Jam dinding di apartemen Hinami sudah menunjukkan pukul 20:35, di luar sana salju pertama turun dengan lebat dan mulai menyelimuti kota Tokyo.
Hinami yang baru saja membersihkan tubuhnya dan mengganti pakaiannya kini terlihat tengah asik menyeduh mie instan yang dibelinya beberapa hari lalu.

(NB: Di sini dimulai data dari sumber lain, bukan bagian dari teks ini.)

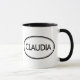 Check out this Claudia mug! Is your name Claudia? Or do you have a wife, girlfriend, female family member or female friend named Claudia? If so, this "Name Stamp" mug is exactly the gift that you're looking for! The design features "Claudia" in big black lettering surrounded by two ovals, one thin and one thick.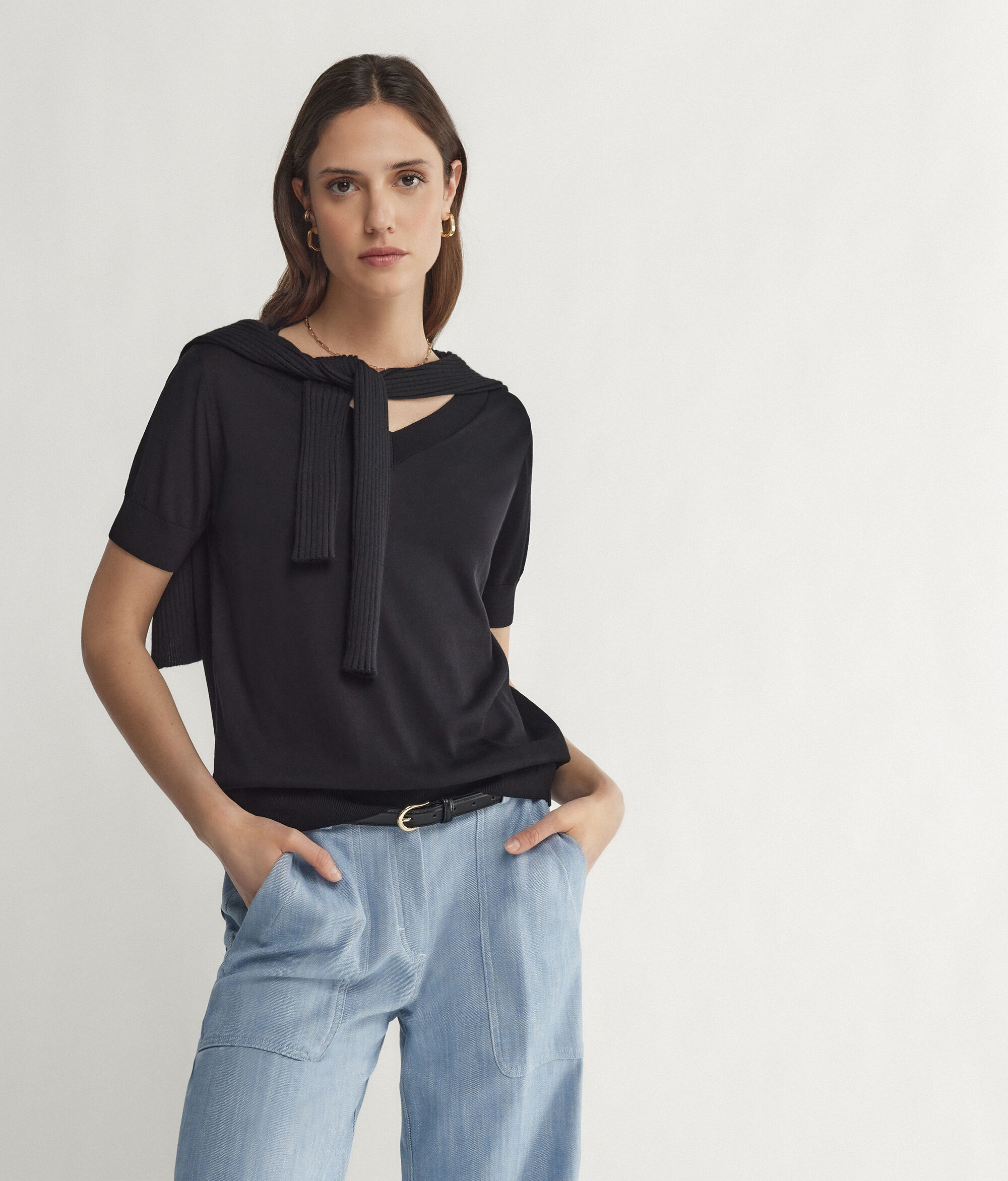 Short-Sleeved Round-Neck Ultrafine Cashmere Top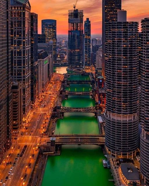 It's the Chicago-river in Chicago, USA. Why is it green?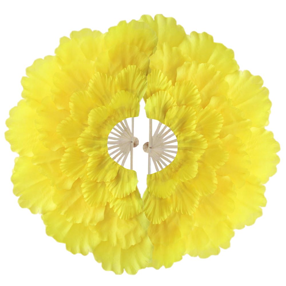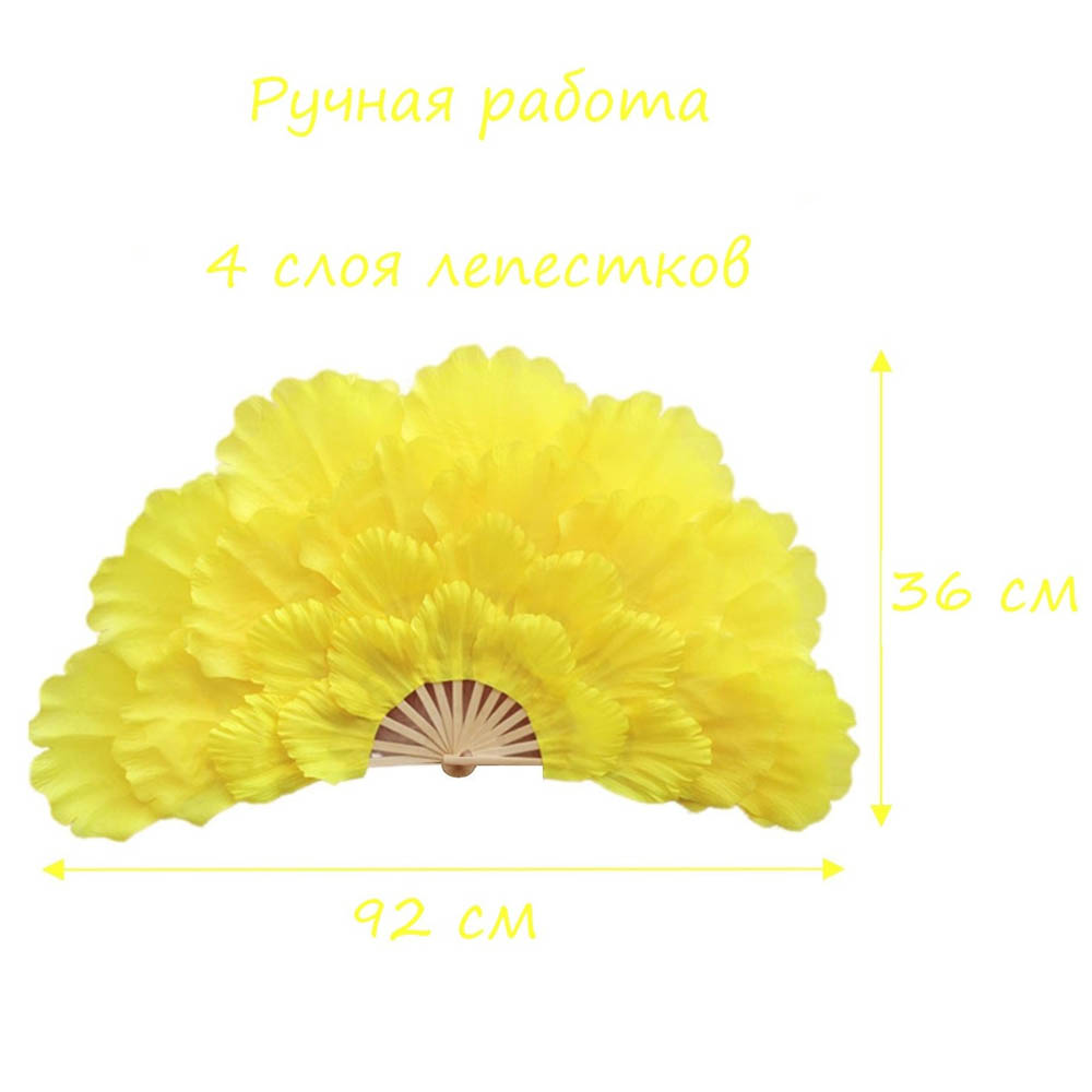 Веера пионы для танцев 92х36см 4-х слойные 2 шт., желтый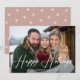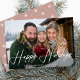 Modern helgdag-fotokort med "Glad helg" som visas i ett vitt handskrivet skript som täcker vågräts foto. Anpassa framsidan av fotokortet till din familj namn och året om. Kortet återgår till dammig ro och vit snöflinga mönster.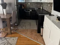 Продается 2комнатная квартира в районе Илино, город Бар. Этот тихий район находится в пешей доступности от моря, магазинов, школы. Квартира состоит из гостиной, совмещенной с кухней, а также двух спален, ванной комнаты и двух террас. Благодаря площади квартиры 67 кв м и удачной планировке, эта квартира может стать уютным домом для большой семьи. Еще одно удобство - застекленная терраса с великолепным видом на горы. В квартире качественная мебель и техника. В каждой комнате - радиатор и кондиционер. В гостиной - теплый пол, что является отличным решением для обогрева помещения зимой. Документы без ограничений и обременений. Быстрый выходу на сделку.

Gadis itu menyimpan cup mie yang sudah diisi air panas di atas meja kecil di dapur apartemennya, didudukkannya tubuh letihnya itu di atas kursi dan menatap cup mie-Nya dengan perut keroncongan.
Seharusnya sekarang perutnya itu sudah terisi makanan dan sedang mengerjakan tugas kuliahnya sembari menonton TV, tapi karena sore tadi Rei membohonginya tentang jam latihannya para cacing di perutnya kini berdemo minta makan.
Hinami membiarkan kepalanya terkulai di atas meja, matanya menatap jarum jam dinding yang terus bergerak, waktu 3 menit kini terasa 3 abad saat perutnya keroncongan minta makan. Satu detik, dua detik, tiga detik, empat detik, berapa lama mienya jadi, umpat Hinami yang sudah tidak kuat dengan rasa laparnya. Jari telunjuknya yang ramping mengetuk-ngetuk permukaan meja, bosan menunggu mienya.
3 menit akhirnya berlalu dengan lama, dengan satu gerakan tangan gadis itu meraih cup mie di hadapannya dan mulai memasukkan semua bumbu mienya ke dalam. “Itadakimasu! *Selamat makana!” serunya sembari menyuapkan mie yang ditunggu-tunggunya itu.
KRING...KRING...KRING!
Ponsel miliknya yang tergeletak di samping cup mie kini berdering nyaring, Hinami melirik ponselnya dengan tatapan malas ditambah kesal. Siapa yang berani mengganggu acara makan malamnya yang sudah terlambat ini.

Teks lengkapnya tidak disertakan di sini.